• _What is being asked_: Please give back word for word the lines below, from the first one through the one with "古代朝鮮式山城「屋嶋城」の城門と高松市街を城内から見る".

(Recorded data begins)

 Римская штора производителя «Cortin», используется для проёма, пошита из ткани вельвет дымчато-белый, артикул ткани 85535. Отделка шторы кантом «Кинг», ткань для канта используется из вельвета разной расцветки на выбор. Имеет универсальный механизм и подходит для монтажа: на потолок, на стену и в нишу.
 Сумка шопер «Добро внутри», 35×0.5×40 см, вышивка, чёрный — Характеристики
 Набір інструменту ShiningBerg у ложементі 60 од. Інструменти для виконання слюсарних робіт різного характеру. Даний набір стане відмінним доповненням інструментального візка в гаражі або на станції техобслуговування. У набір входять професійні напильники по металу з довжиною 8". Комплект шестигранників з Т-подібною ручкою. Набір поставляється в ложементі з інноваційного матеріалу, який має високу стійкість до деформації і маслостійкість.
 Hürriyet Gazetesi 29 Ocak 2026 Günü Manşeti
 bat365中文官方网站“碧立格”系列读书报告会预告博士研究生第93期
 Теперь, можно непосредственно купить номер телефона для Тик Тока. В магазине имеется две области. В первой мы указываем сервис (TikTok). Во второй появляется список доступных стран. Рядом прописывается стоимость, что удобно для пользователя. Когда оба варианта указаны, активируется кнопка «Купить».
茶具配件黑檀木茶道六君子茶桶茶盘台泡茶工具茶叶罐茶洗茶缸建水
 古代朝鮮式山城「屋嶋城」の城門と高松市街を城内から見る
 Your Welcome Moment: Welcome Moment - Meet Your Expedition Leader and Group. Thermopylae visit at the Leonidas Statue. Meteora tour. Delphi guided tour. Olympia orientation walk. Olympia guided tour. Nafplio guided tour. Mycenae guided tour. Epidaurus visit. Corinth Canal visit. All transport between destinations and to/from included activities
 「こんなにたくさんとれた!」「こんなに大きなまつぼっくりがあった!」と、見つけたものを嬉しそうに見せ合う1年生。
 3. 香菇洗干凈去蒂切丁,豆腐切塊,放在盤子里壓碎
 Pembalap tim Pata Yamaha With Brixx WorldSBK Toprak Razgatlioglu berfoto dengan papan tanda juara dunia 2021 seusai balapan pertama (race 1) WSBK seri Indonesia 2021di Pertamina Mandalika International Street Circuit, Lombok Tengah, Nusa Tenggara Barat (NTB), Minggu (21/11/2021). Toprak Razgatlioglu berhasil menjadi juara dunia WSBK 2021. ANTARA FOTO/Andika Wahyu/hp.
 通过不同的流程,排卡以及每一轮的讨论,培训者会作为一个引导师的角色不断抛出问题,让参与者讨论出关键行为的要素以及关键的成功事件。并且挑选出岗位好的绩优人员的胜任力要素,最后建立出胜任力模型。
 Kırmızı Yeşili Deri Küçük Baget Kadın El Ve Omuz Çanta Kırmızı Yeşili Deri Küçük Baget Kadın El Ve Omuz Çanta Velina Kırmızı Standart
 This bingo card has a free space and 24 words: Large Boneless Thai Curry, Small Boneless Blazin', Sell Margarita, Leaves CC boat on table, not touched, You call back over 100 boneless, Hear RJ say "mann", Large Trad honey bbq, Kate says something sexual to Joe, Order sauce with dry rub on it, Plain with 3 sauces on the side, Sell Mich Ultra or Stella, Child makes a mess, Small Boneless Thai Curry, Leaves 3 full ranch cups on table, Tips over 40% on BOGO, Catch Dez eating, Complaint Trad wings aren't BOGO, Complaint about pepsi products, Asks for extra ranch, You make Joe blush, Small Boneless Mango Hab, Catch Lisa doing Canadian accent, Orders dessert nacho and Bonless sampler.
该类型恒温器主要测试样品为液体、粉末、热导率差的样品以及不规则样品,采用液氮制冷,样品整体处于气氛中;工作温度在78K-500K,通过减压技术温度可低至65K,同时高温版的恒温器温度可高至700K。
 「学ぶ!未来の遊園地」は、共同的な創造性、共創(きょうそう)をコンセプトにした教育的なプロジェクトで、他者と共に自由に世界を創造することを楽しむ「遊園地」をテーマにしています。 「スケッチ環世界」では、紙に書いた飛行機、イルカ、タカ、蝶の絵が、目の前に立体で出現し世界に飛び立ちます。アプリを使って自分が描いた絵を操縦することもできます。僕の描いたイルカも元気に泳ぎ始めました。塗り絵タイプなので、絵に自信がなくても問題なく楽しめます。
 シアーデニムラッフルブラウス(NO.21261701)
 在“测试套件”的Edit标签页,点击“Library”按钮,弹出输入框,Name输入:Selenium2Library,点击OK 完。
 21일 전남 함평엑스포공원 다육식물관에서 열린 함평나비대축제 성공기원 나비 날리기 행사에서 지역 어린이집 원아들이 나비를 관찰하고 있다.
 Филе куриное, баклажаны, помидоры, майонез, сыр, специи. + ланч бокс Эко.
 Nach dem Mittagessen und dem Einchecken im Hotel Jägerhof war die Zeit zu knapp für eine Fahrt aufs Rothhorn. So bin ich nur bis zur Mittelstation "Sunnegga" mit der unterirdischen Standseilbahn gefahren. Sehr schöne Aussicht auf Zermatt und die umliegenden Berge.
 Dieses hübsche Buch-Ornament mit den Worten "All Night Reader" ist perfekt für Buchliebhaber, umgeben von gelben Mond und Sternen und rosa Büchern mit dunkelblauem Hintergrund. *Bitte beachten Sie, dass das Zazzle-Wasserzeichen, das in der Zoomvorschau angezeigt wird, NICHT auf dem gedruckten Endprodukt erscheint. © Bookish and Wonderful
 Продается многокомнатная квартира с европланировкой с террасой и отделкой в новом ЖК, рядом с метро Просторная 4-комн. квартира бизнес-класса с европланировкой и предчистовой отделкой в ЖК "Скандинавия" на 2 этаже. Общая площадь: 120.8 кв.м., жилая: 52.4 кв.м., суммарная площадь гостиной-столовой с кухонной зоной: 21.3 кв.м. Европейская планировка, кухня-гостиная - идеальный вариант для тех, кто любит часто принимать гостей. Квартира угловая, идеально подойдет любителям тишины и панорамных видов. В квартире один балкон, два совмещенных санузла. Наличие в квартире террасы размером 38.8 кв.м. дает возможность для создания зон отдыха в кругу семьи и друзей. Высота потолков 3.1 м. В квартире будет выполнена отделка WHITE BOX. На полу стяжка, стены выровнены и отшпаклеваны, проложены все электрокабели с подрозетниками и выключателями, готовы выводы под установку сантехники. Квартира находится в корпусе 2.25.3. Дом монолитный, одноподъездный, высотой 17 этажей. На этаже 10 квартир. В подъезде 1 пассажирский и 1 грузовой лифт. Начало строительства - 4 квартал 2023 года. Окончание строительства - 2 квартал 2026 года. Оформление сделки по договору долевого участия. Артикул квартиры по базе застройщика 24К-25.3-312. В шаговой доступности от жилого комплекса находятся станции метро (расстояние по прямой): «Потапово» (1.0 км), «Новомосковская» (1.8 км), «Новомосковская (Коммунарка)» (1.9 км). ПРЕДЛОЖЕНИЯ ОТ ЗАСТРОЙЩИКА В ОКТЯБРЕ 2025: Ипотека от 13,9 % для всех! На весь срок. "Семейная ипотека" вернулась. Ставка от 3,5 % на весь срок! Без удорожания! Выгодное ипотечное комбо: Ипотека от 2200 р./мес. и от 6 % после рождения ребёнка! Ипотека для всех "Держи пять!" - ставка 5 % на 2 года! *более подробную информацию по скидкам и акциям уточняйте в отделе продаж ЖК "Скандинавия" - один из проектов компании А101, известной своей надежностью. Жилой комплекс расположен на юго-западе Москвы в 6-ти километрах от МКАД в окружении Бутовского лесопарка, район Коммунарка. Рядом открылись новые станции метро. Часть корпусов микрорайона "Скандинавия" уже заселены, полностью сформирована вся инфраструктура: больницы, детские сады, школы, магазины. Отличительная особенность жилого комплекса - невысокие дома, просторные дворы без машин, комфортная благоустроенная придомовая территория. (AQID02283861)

(Recorded data ends)

• _Response to this task_:
 Римская штора производителя «Cortin», используется для проёма, пошита из ткани вельвет дымчато-белый, артикул ткани 85535. Отделка шторы кантом «Кинг», ткань для канта используется из вельвета разной расцветки на выбор. Имеет универсальный механизм и подходит для монтажа: на потолок, на стену и в нишу.
 Сумка шопер «Добро внутри», 35×0.5×40 см, вышивка, чёрный — Характеристики
 Набір інструменту ShiningBerg у ложементі 60 од. Інструменти для виконання слюсарних робіт різного характеру. Даний набір стане відмінним доповненням інструментального візка в гаражі або на станції техобслуговування. У набір входять професійні напильники по металу з довжиною 8". Комплект шестигранників з Т-подібною ручкою. Набір поставляється в ложементі з інноваційного матеріалу, який має високу стійкість до деформації і маслостійкість.
 Hürriyet Gazetesi 29 Ocak 2026 Günü Manşeti
 bat365中文官方网站“碧立格”系列读书报告会预告博士研究生第93期
 Теперь, можно непосредственно купить номер телефона для Тик Тока. В магазине имеется две области. В первой мы указываем сервис (TikTok). Во второй появляется список доступных стран. Рядом прописывается стоимость, что удобно для пользователя. Когда оба варианта указаны, активируется кнопка «Купить».
茶具配件黑檀木茶道六君子茶桶茶盘台泡茶工具茶叶罐茶洗茶缸建水
 古代朝鮮式山城「屋嶋城」の城門と高松市街を城内から見る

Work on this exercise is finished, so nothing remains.